Items from a data source:
[Start of Attachment]
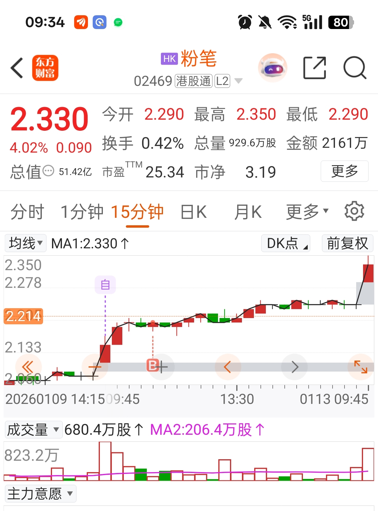 $粉笔(HK|02469)$ 感觉今天得8个点
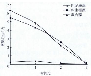 試驗在柱式光合反應器中進行,四尾柵藻、斜生柵藻、混合藻采用優化后的條件參數進行培養,監測廢水氨氮的去除情況,結果如圖 2 所示。
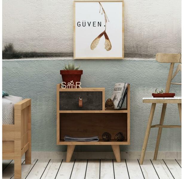 Éjjeliszekrény a kéznél lévő dolgok tárolására. Egyszerű, modern stílusának köszönhetően bármilyen otthonba illik. Barna/szürke színösszeállítás. Laminált forgácslapból készült. Alapanyag vastagsága: 1,8 cm. Bőrből készült fogantyú. Asztallábak magassága: 12 cm. Fa mintázata: tölgy.
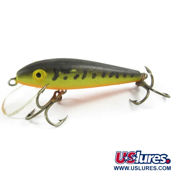 Fire Tiger-patronen zoals op dit exemplaar van 1 1/2" (4 cm) zijn al lang een begrip bij Rebel, met een levendige oranje buik die overgaat in een limoengele flank met opvallende zwarte verticale strepen. Deze in de VS gemaakte plastic plug heeft productcode 3267 en weegt slechts 1/16 oz (2 g). Hij is gebouwd voor ondiep water en bereikt een diepte van 3 ft (0,9 m) tijdens het werpen of trollen. De conditie is 5/5, waarbij de lak en de originele dreg in uitstekende staat verkeren. Voor de presentatie gebruiken vissers meestal een gestage inhaalslag of een stop-and-go-techniek. De heldere plastic duiklip is schoon en stevig bevestigd, en de gele ogen met zwarte pupillen geven de kop een kenmerkende uitstraling.
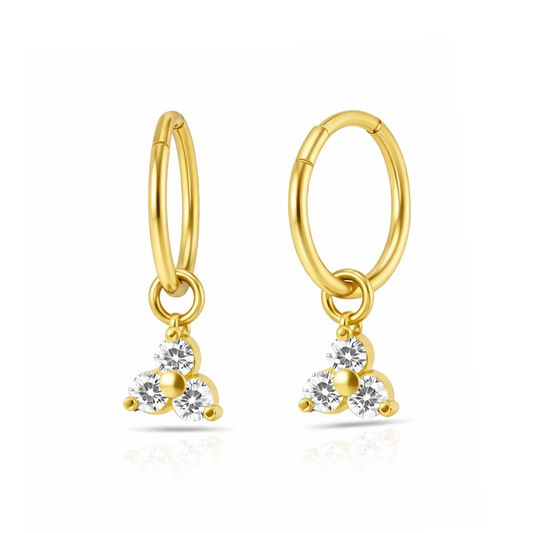 925 Sterling Silver Tri CZ Jewelled Drop Hinged Clicker Earrings
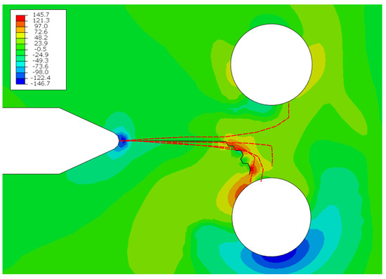 The numerical results shown in Figure 25 indicate that the crack initiates from the notch and proceeds horizontally. When it approaches the holes, it sharply turns towards the bottom cold-expanded hole. This observation aligns with the idea that the crack growth algorithm is attracted to the tensile stresses that result due to imposed compressive stresses.
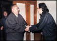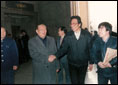 1987年,全国人大原副委员长班禅在画展上与石愚交谈。
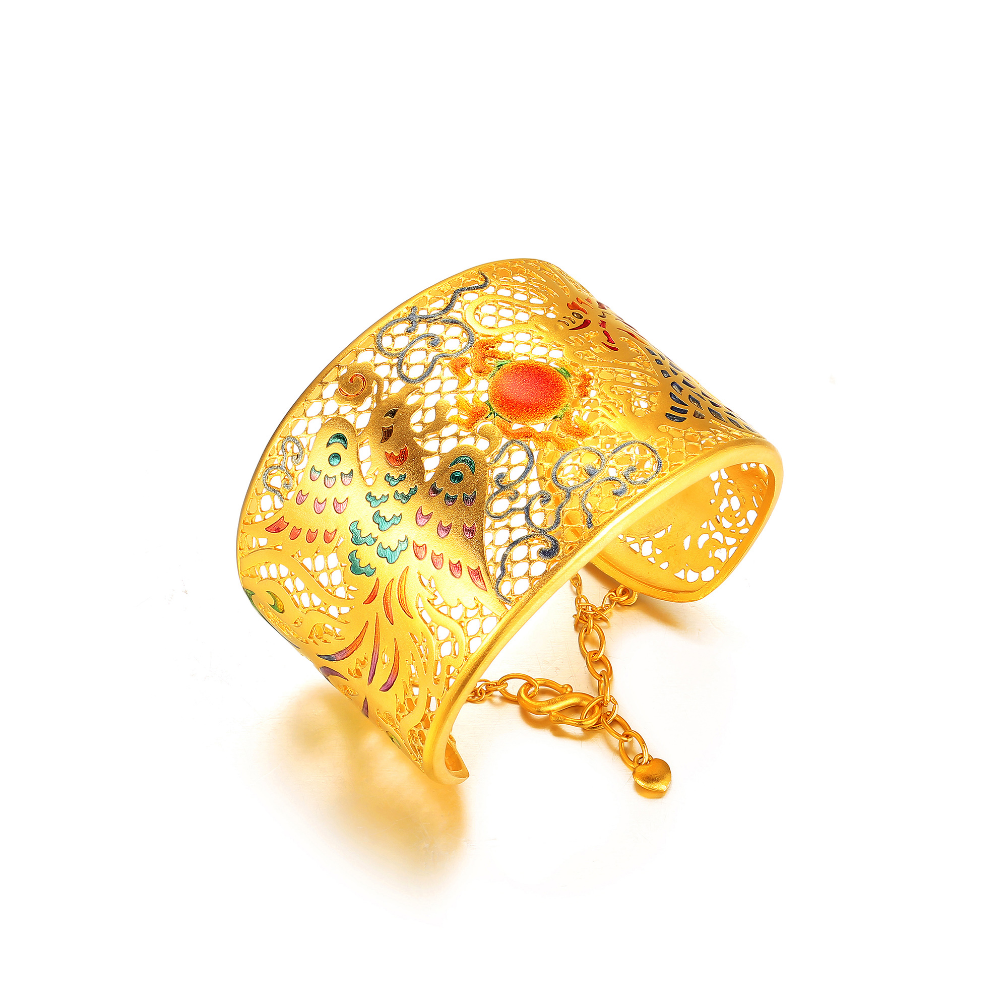 古法高级臻宝奢华点螺丹凤如愿镯链
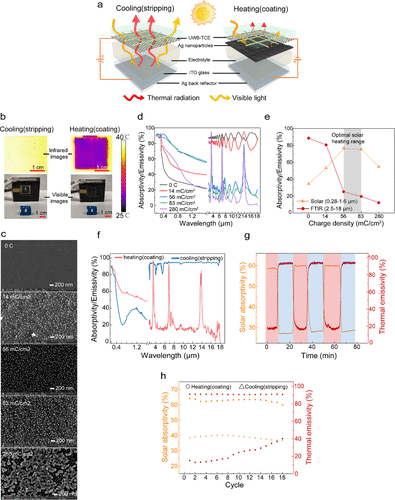 太阳能和中红外辐射协同热管理的实验演示。(a)电致变色器件工作原理示意图。发射率由UWB-TCE下的层决定,太阳反射率由剥离状态下的银背反射器和涂覆状态下的银纳米粒子决定。(b)冷却和加热状态下设备的可见光(下一行)和红外(上一行)图像。冷却模式表现为一个高发射率的太阳能反射器,加热模式表现为一个低发射率的太阳能吸收器。(c) SEM图像和(d)太阳和中红外吸收/发射率光谱。(e)不同电荷密度下UWB-TCE薄膜上沉积金属的加权平均吸收率/发射率。(f)冷却和加热状态下装置的太阳吸收光谱和红外发射光谱。以0.5 nm厚度Pt (g)和0.75 nm厚度Pt (h)的循环控制装置,在加热和冷却状态下的太阳吸收率(λ = 550 nm)和红外发射率(λ = 10 μm)。在加热状态下,b、f、g和h面板的电沉积电荷密度为75 mC/cm2。
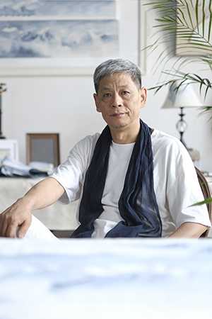此后,我的画风开始“突变”,独立的语言系统开始显现。我的画中不再有松树、燕子、小桥流水等等,通通没有了。我不再做“装修工”了,不在做“小情调”了,我要画“心”。“古韵弹墨”是师法古人,“遇化黄山”是师法自然,到了“水韵青花”,就是师法我“心”了。这也就是我的人生三阶段,从“实”到“虚”,再到“空”。当然也是绘画意识的转换过程,就是从“主观的客观化”到“客观的主观化”。过去,我用技法把山水画好,就是主观客观化。现在,我感觉“天地与我为一”,就上升到精神层面了,以我“心”所动,画“我心所思”,在画里见天地,见自我。
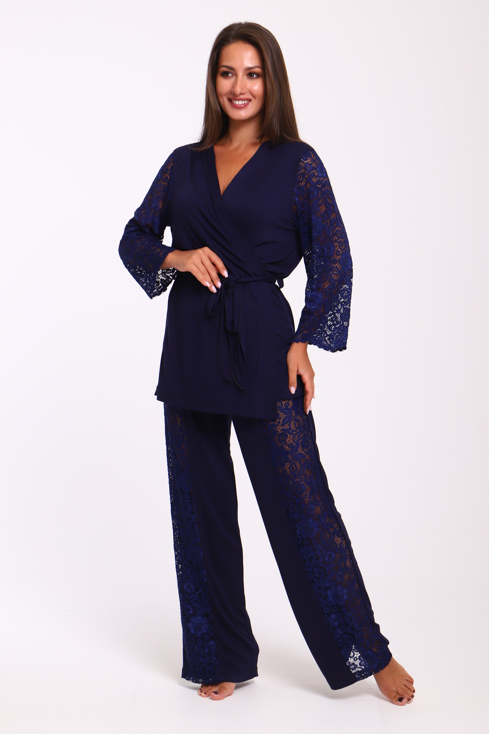 Домашний женский костюм, состоит из двух изделий, халат на запах и брюки, костюм выполнен из вискозы 95%, эластан 5%. Халат прямого силуэта с планкой, фиксируется поясом на держателях в боковых швах. Рукава из эластичного гипюра. Брюки прямые, широкие на эластичной резинке 2 см. по бокам брюк расположены соблазнительные вертикальные кружевные вставки от талии и до низа изделия, которые обеспечивают визуальное вытягивание силуэта и лаконично сочетаются с рукавами. Размерный ряд данного комплекта от 46 до 60 размера. Размеры костюма сдвоенные. На фото модель представлена в 46 размере.
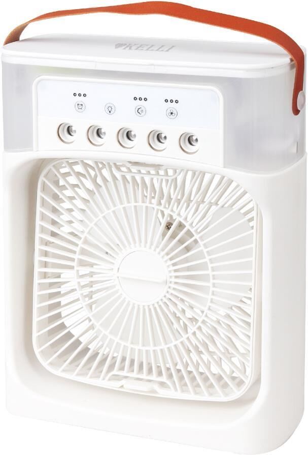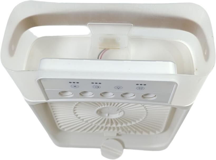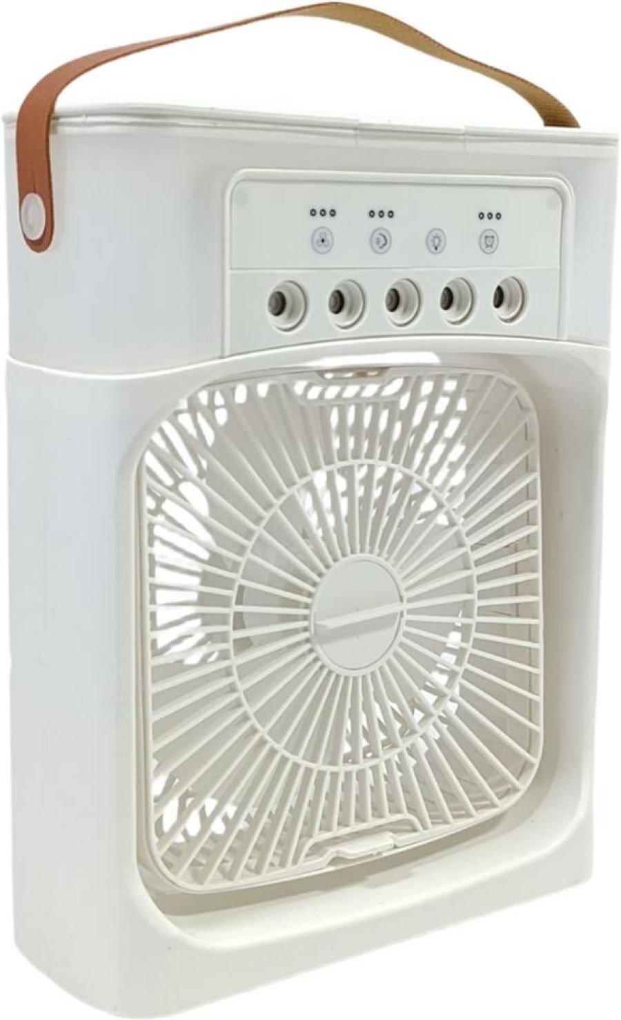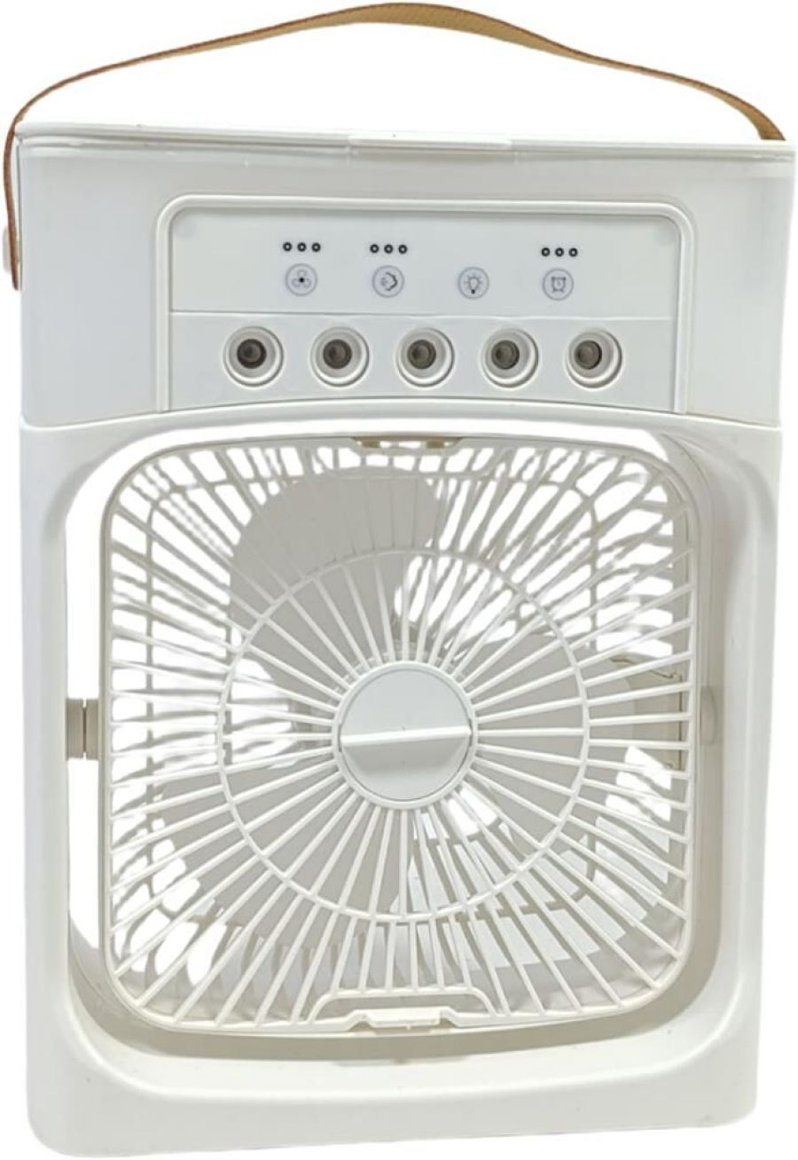 Настольный вентилятор с функцией увлажнителя и таймером выключения Диаметр: 15 см Мощность: 10 Вт 3 скорости Объём: 600 мл 3 режима распыления воды 7 цветов подсветки Встроенный таймер Отсек для аромамасел USB(Туре-С) Цвет БЕЛЫЙ Размер упаковки: 34,5*22*38см Сеть: 5В,2А
[End of Attachment]
- Task prompt: Start with the line above containing "925 Sterling Silver" and end with the line containing "The numerical results". Set down that stretch exactly, without any pictures.

- Output below:
 925 Sterling Silver Tri CZ Jewelled Drop Hinged Clicker Earrings
 The numerical results shown in Figure 25 indicate that the crack initiates from the notch and proceeds horizontally. When it approaches the holes, it sharply turns towards the bottom cold-expanded hole. This observation aligns with the idea that the crack growth algorithm is attracted to the tensile stresses that result due to imposed compressive stresses.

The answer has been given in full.